EXERCISE
Could you reproduce the lines below from the one with "Rustic Dusty Blue" through the one with "Каталог > Электронные"? Keep both ends and add nothing.

EXERCISE MATERIAL
==================================================
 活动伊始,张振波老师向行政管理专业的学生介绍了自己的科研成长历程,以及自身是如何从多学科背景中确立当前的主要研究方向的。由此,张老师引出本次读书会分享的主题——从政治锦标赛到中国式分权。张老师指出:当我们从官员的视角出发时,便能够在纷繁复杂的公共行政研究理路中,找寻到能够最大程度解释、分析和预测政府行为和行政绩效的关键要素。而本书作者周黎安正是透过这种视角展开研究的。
==================================================
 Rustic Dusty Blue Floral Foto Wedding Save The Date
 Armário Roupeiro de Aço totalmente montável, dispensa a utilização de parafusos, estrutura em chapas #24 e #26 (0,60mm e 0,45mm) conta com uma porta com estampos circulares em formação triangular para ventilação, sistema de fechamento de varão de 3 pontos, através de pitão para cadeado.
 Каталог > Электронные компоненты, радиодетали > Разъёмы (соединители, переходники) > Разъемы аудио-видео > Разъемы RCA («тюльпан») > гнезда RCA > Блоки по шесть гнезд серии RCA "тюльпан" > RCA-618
==================================================
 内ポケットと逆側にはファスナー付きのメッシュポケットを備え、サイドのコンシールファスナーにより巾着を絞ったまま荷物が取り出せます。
==================================================
ANSWER BOX
 Rustic Dusty Blue Floral Foto Wedding Save The Date
 Armário Roupeiro de Aço totalmente montável, dispensa a utilização de parafusos, estrutura em chapas #24 e #26 (0,60mm e 0,45mm) conta com uma porta com estampos circulares em formação triangular para ventilação, sistema de fechamento de varão de 3 pontos, através de pitão para cadeado.
 Каталог > Электронные компоненты, радиодетали > Разъёмы (соединители, переходники) > Разъемы аудио-видео > Разъемы RCA («тюльпан») > гнезда RCA > Блоки по шесть гнезд серии RCA "тюльпан" > RCA-618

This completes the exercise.